Bomb Dropped From Aircraft During WWII Just Exploded

4 injured in Munich blast
By Newser Editors and Wire Services
Posted Dec 1, 2021 2:15 PM CST
WWII Bomb Injures 4 in Munich
Firefighters, police officers and railway employees stand on a railway site in Munich, Germany, Wednesday, Dec. 1, 2021.   (Sven Hoppe/dpa via AP)

A World War II bomb exploded at a construction site next to a busy railway line in Munich on Wednesday, injuring four people, one of them seriously, German authorities said. A column of smoke was seen rising from the site near the Donnersbergerbruecke station, the AP reports, with the Wall Street Journal describing the bomb as weighing 550 pounds and having been dropped from an aircraft during the war. The construction site for a new commuter train line is located on the approach to Munich's central station, which is around half a mile to the east. Trains to and from that station, one of Germany's busiest, were suspended but service resumed in mid-afternoon. A few local trains were evacuated. The fire service said there was no damage to the tracks.

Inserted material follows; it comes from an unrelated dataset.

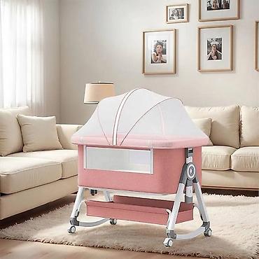 04. Krevetac za bebe 3u1 Krevetac sa tockovima, dusekom i mrezom protiv komaraca Nocni krevetac za bebe sa udobnim dusekom Cena 10.999 din Dimenzije na slici✅✅Beograd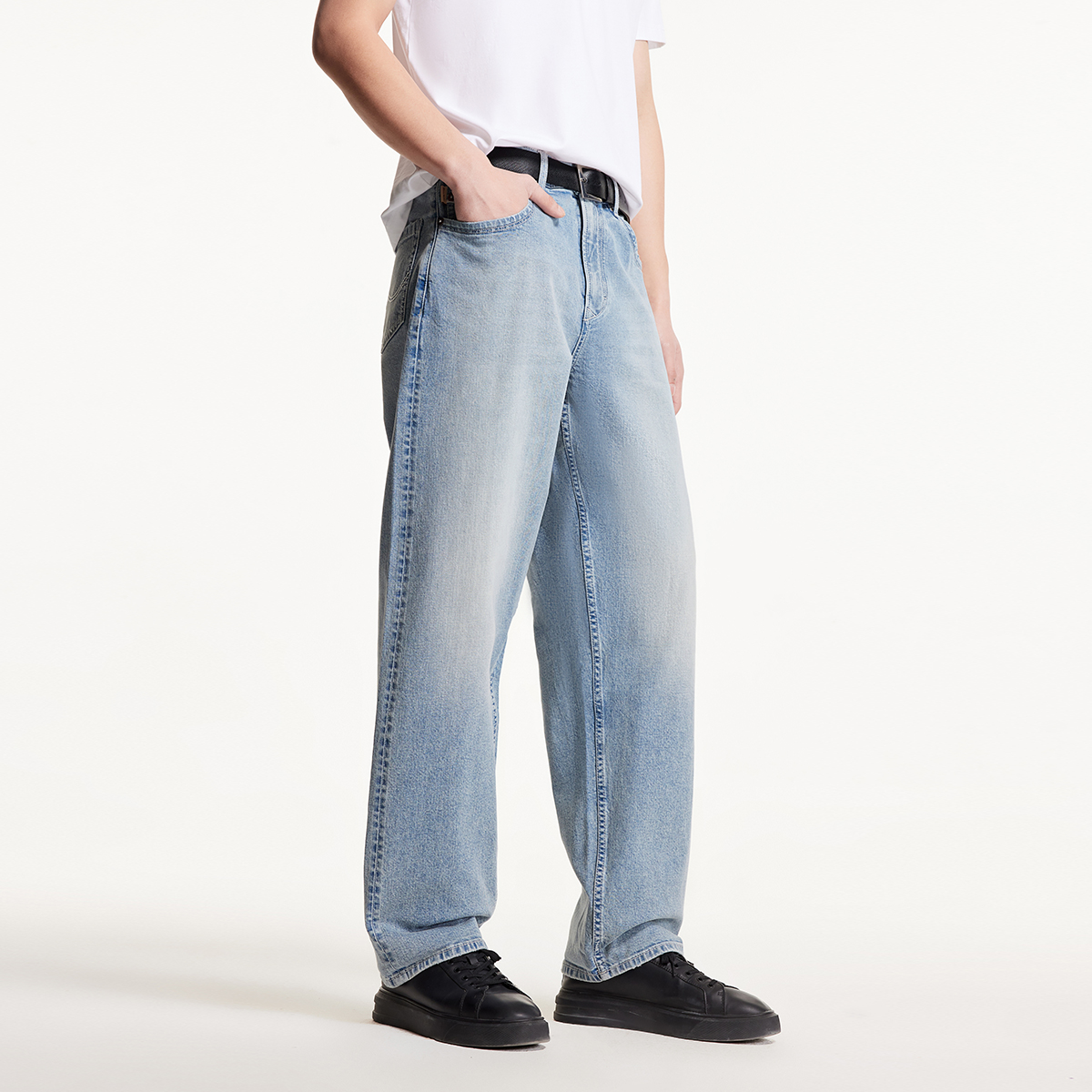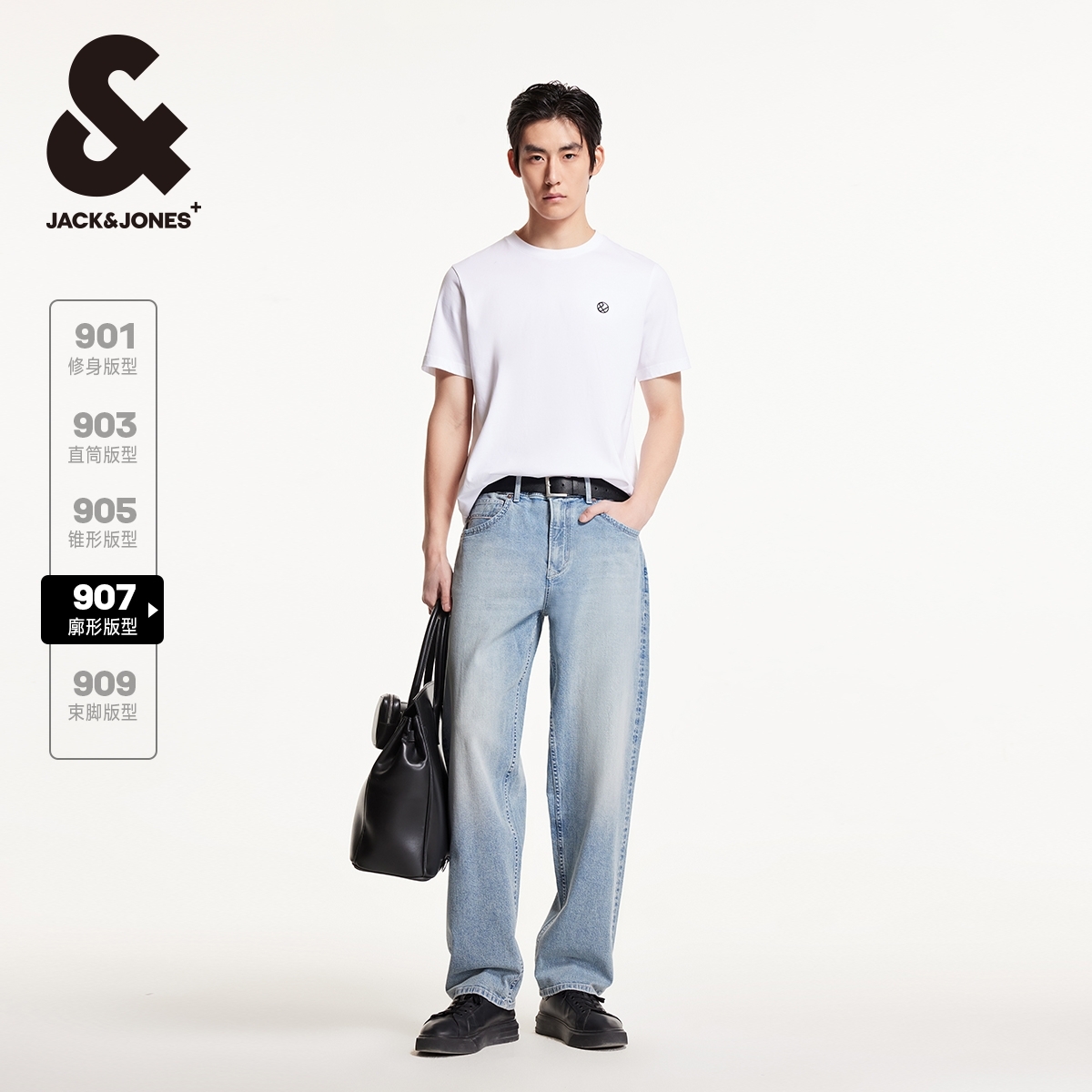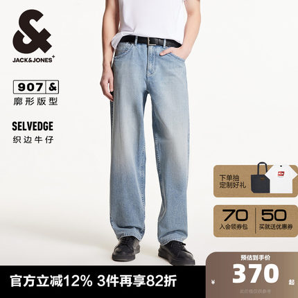 杰克琼斯男装夏季新款微弹织边牛仔布休闲宽松牛仔裤子长裤

Unexploded bombs are still found frequently in Germany, even 76 years after the end of the war, and often during work on construction sites. They are usually defused or disposed of in controlled explosions, a process that sometimes entails large-scale evacuations as a precaution. Bavaria's state interior minister, Joachim Herrmann, said the bomb was found during drilling work, according to German news agency dpa. Herrmann said authorities must now investigate why it wasn't discovered earlier. He noted that such construction sites are usually scanned carefully in advance for possible unexploded bombs.